**The task:** The line containing "BELVIDERE, NJ, March" marks the end: extract everything from the first line of the data through that line, exactly, with no pictures.

##### Source material #####

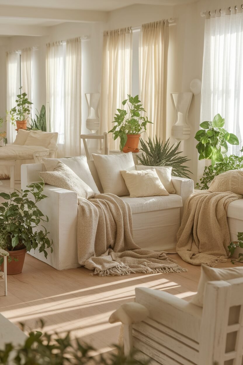 They can bring a bit of the outdoors inside while keeping your color scheme soft. Plus, they can add a calming vibe that’s great for relaxation.
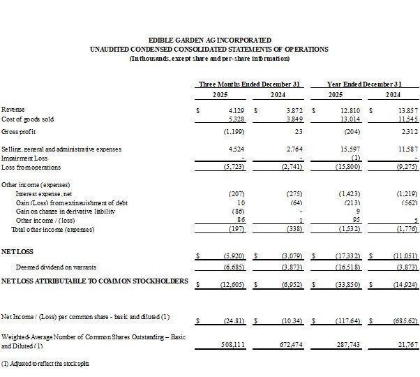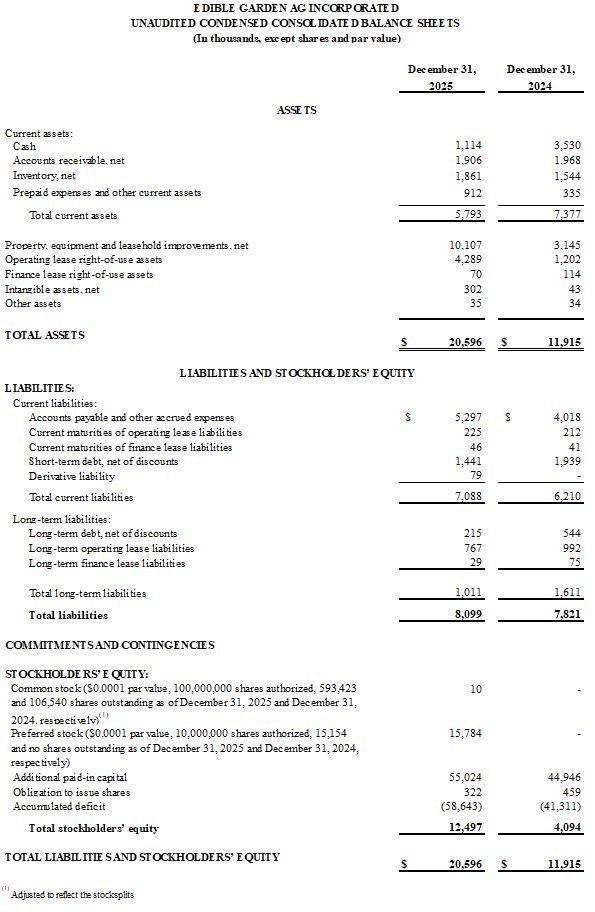 BELVIDERE, NJ, March 31, 2026 — Edible Garden AG Incorporated (“Edible Garden” or the “Company”) (Nasdaq: EDBL, EDBLW), a leader in controlled environment agriculture (CEA), locally grown, organic, and sustainable produce and products, today reported financial results for the three months and year ended December 31, 2025. The Company continued to build on its controlled environment agriculture foundation during the year, expanding into higher-margin, shelf-stable consumer packaged goods and leveraging its existing infrastructure, national distribution network, and product development capabilities to scale into adjacent, expected higher-value categories.
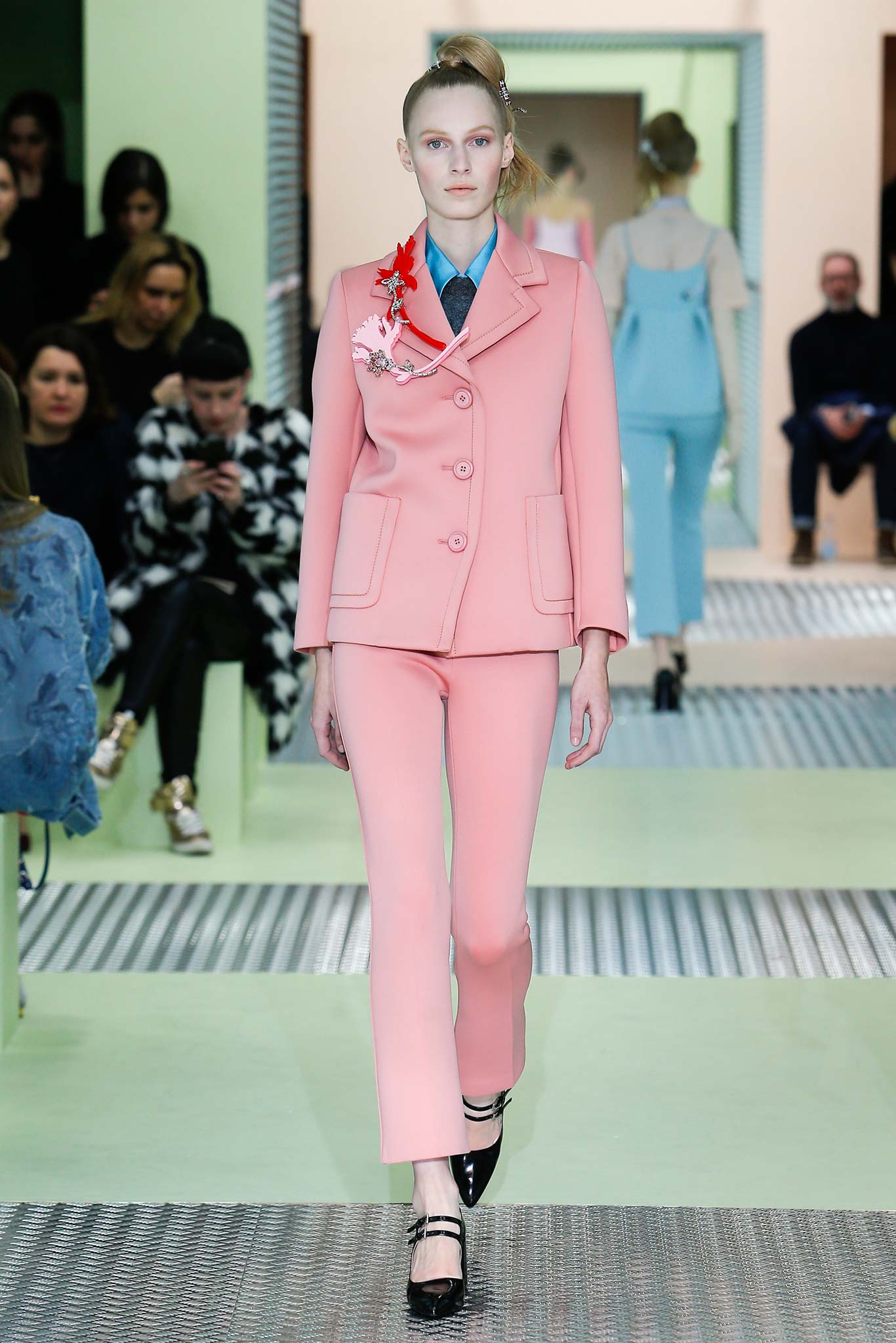 Not that I don’t like pastels – but it feels like it’s a current plague in fashion, even though Victoria Beckham‘s usage of baby pink and pistachio green was far above the average. Although the first hints of Beckham’s spring-summer 2018 collection said ‘pastels’ out loud, there was much more to it. Beckham is getting even more and more into ‘slouchy’, abandoning her body-con dress past. Fluid skirts and over-sized shirts; big blazers and big pants. The most striking look was the most sophisticated one and it involved wearing a pencil skirt under a transparent kilt. “Delicacy can be strong,” she said before the show to her press. According to Beckham, delicacy is something more complex than just plain pastels – it’s the softness of the texture and the comfortable, everyday fit.
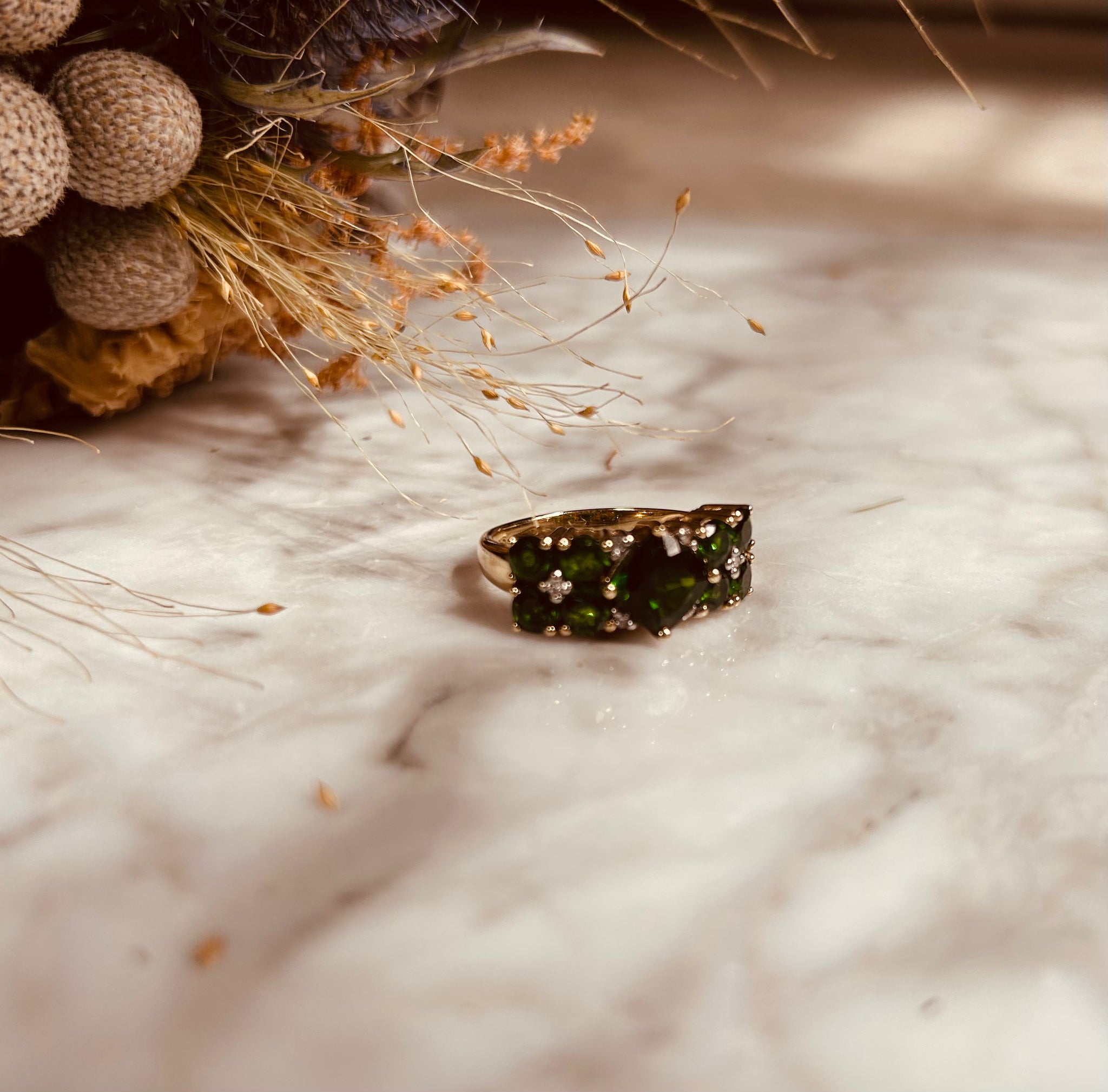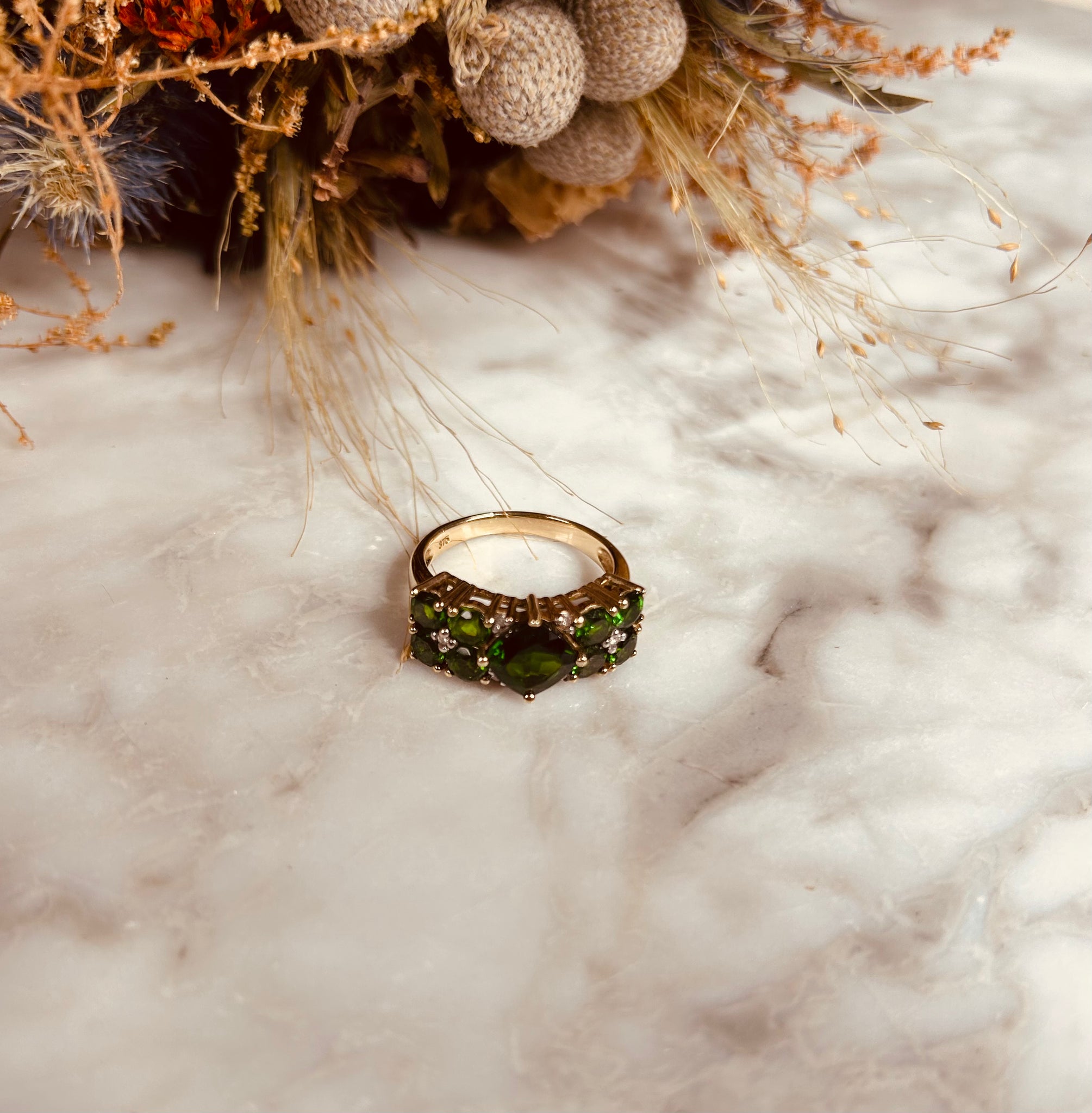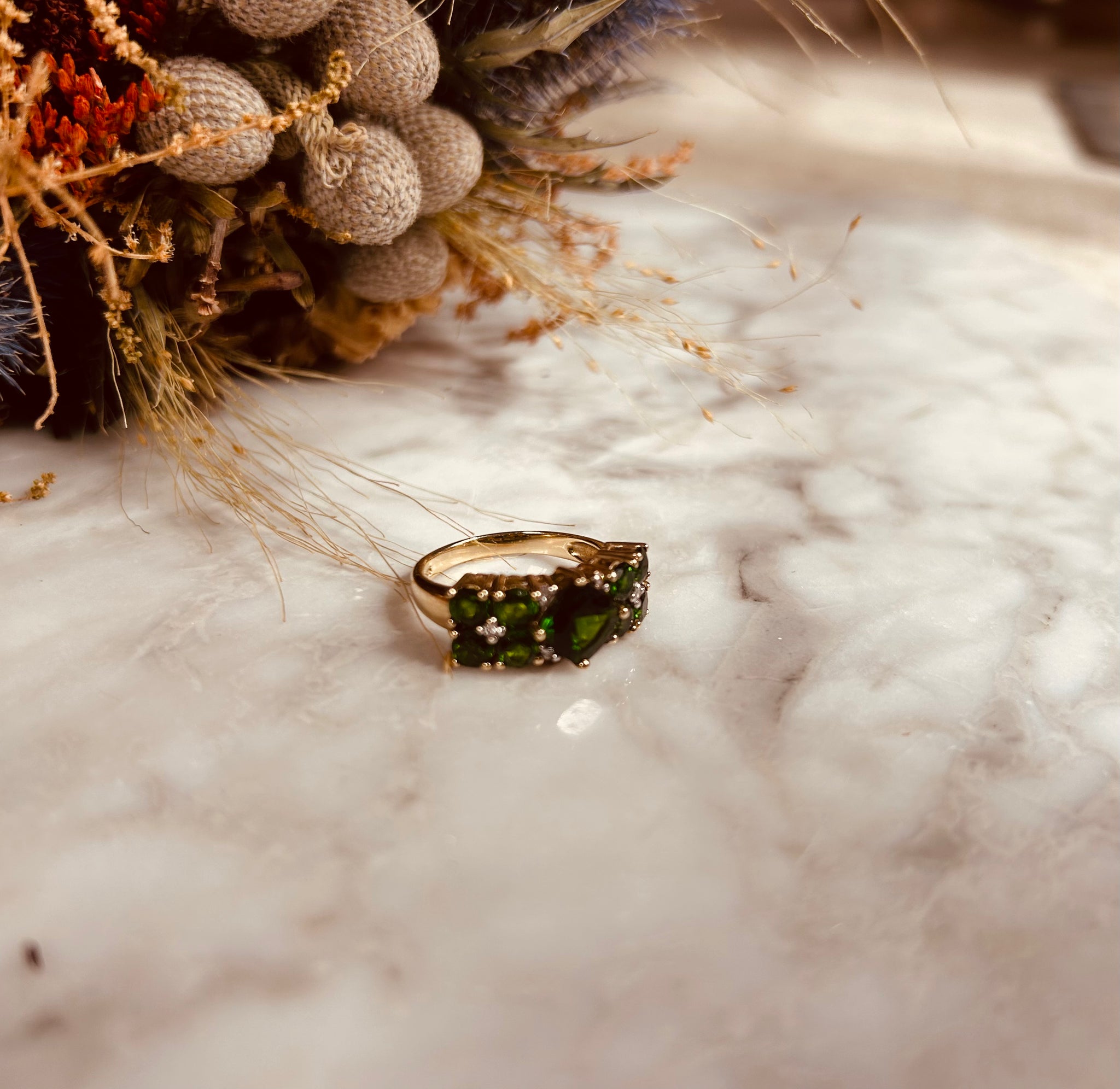 This exquisite piece of Montpellier, France jewelry-crafting artistry features a lustrous yellow gold band, bearing a singular, spectacularly-hued diopside at its center and eight smaller versions adorning its sides, all accented with six dazzling diamonds for a total carat weight of 0.05. This one-of-a-kind ring comes in a size 57.

#####

**Solution:**
 They can bring a bit of the outdoors inside while keeping your color scheme soft. Plus, they can add a calming vibe that’s great for relaxation.
 BELVIDERE, NJ, March 31, 2026 — Edible Garden AG Incorporated (“Edible Garden” or the “Company”) (Nasdaq: EDBL, EDBLW), a leader in controlled environment agriculture (CEA), locally grown, organic, and sustainable produce and products, today reported financial results for the three months and year ended December 31, 2025. The Company continued to build on its controlled environment agriculture foundation during the year, expanding into higher-margin, shelf-stable consumer packaged goods and leveraging its existing infrastructure, national distribution network, and product development capabilities to scale into adjacent, expected higher-value categories.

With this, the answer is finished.